Poderia ter sido um remake

A diferença entre trabalhar em uma remasterização ou refazer um jogo do zero é evidente, com os estúdios precisando investir muito mais tempo e dinheiro no segundo caso. Por isso é compreensível que a Ubisoft tenha optado por relançar o Assassin's Creed III com apenas algumas melhorias e assim permitir que um novo público tenha acesso ao jogo.
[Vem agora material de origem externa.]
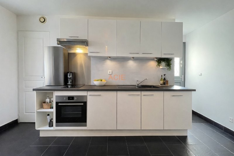 Entrée, grande pièce principale avec cuisine ouverte et aménagée, une chambre avec rangement, salle d'eau moderne et wc.
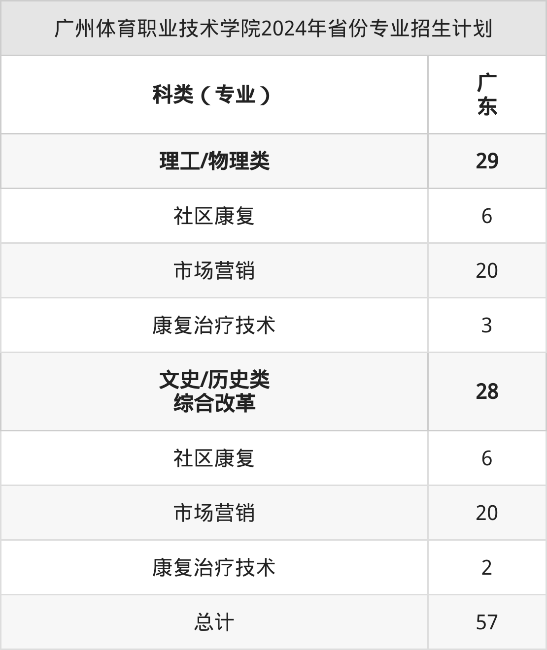 2024年广州体育职业技术学院计划招收专科生57人,其中社区康复专业12人,市场营销专业40人,康复治疗技术专业5人。
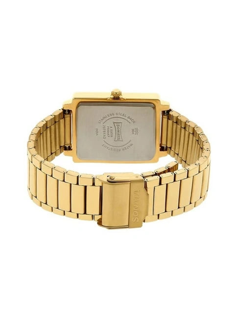 Style arrives effortlessly the moment you wear this smartly designed men's analog watch from Sonata. Encompassed in a 40mm case, the white rectangular dial features a crown for time adjustment, plain three hands and slanted marking at five-minute intervals. The golden stainless steel strap is equipped with a hook buckle clasp to ensure a proper fit on the wrist. Wear this water-resistant timekeeper with a pair of trousers and a white shirt to look dapper.

Porém, ao fazer isso a empresa sabia que muitos dos problemas seriam mantidos e por mais que eles tenham se esforçado para corrigir alguns deles, a maneira como o Assassin's Creed III foi estruturada não permite grandes mudanças sem um remake. Ou seja, se você jogou o original e não gostou dele, dificilmente essa remasterização conseguirá lhe fazer mudar de opinião. Já no caso de tê-lo curtido, este relançamento deve ser encarado apenas como uma tentativa de reviver os bons momentos, já que não existe muitas novidades que justifiquem experimentá-lo.

Conclusão

Disponível gratuitamente para quem possui o passe de temporada do Assassin's Creed Odyssey, o Assassin's Creed III Remastered pode servir como um bom registro histórico, até por ser uma espécie de elo de transição entre os primeiros capítulos da franquia e aqueles mais modernos.

Para mim, a maneira como a série passou a funcionar a partir do Assassin's Creed Origin é muito melhor e depois de jogar essa remasterização passei a achar que, se não fosse pelos erros cometidos na aventura de Connor Kenway, talvez as mudanças nunca tivessem acontecido.